Uno disfruta de su copa en la soledad de la noche, escuchando al gran Sinatra, y más al golfo de Dean Martin, ese artistazo que nunca se dio importancia, quizá porque sabía, con Gómez Dávila, que alguien sabio a casi nada le da importancia, y menos a uno mismo. O pincha cualquier actuación del elegante Marvin Gaye, ese negro que calza gorros de lana con un estilo que ya quisiera el entrenador de Rocky. O escucha a la dipsómana Judy Garland interpretar Smile de Chaplin. O, en fin, después de cuatro décadas largas de música a sus espaldas, gracias al hermano mayor que cambió los libros por una radio, otras canciones y artistas que, en este año en que el cantante Roberto Carlos (como Dylan, Anka o Simon) cumple ochenta años, le hacen volver la vista atrás y, dejando de lado reparos o complejos de adolescente que se avergonzaría de confesar ciertas debilidades, recorrer la geometría sentimental que las canciones de este brasileño cojo y meloso trazó, mal que nos pese, en buena parte de quienes hoy sobrepasamos el medio siglo y que, a veces, tenemos el deseo de ser nuevamente unos chiquillos.
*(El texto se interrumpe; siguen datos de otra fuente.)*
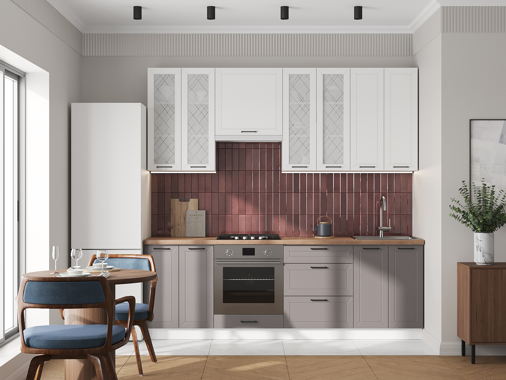 Высокий кухонный гарнитур со стеклом Вектор 240 см Белый / Бланж / Грей / Стекло

Si existe el paraíso, para uno estará camino de la playa de Matalascañas, con sus padres y sus dos hermanos un caluroso día de julio en un radiante y destartalado Seat 124 blanco, sin aire acondicionado, claro, y qué poco importa, porque aún piensa que la edad de dos dígitos nunca va a llegar y el calor no quema ni cansa ni agobia, mientras en el radiocasssette -entonces así se escribía- del coche, o quizá en la radio que el hermano mayor lleva siempre sintonizada, suenan los primeros compases del Amigo de Roberto Carlos, ese tema jovial y animoso y extrañamente melancólico que parece que nunca termina de sonar. Y sí, aunque los cantantes que están celebrando su octogésimo cumpleaños y los padres y todo, poco a poco, se vayan silenciando, y acabando, es verdad: nunca acaban.